# Conflicting info - please help



## Suzy74 (Dec 31, 2017)

We are in the process of setting up our small rabbitry. We would like to finish them on pasture, but have also heard to NEVER to feed young rabbits greens. So I guess i'm confused on how pasture finished rabbits works. Can someone clarify? Thanks!


----------



## Pastor Dave (Dec 31, 2017)

I would guess their systems have to get use to it gradually. It will also slow down their growth and probably change up the flavor of the meat. Do you plan to supplement other pellet feed or grains?

The young born to a doe already accustomed to this style of eating will not need to change over gradually. They will have the nutrients in the milk and begin nibbling on some if mom's food. I don't think it would work well to go back and forth on feeding styles. I would think you need to pick and stick with one or the other.

I feed alfalfa pellet feed at 16% protein and supplement in grass hay each night. I also use BOSS and Calf Mana as a supplement.
My herd gets a few pickings of red clover and rose blooms when in season just as a treat.


----------



## Bossroo (Dec 31, 2017)

Suzy74 said:


> We are in the process of setting up our small rabbitry. We would like to finish them on pasture, but have also heard to NEVER to feed young rabbits greens. So I guess i'm confused on how pasture finished rabbits works. Can someone clarify? Thanks!

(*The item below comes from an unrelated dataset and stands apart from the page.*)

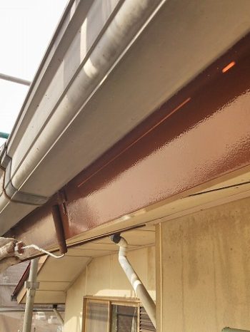 屋根は劣化によりかなり色が剥がれている状態でした。外壁のシーリングは破断しているところがありました。撤去し打ち替えをします。玄関の樋は老朽化しています。交換します。

The question is WHY ?   Pasture raising is very inefficient and will cost more to raise them to slaughter waight in terms of rate of gain, time and labor. Also, there is a huge increase risk of getting all mannor of pathogens increasing the chances of illness and mortality.


----------



## Tale of Tails Rabbitry (Dec 31, 2017)

I begin giving my bunnies a few greens as soon as they are interested in eating them, usually around 3 to 4 weeks they start trying to get nibbles when I feed their mother some greens. Organic cilantro seems to be a favorite first green and it really is not much more than a taste the first few weeks. However, a steady supply of greens we do not do; greens remain the smallest portion of their diet.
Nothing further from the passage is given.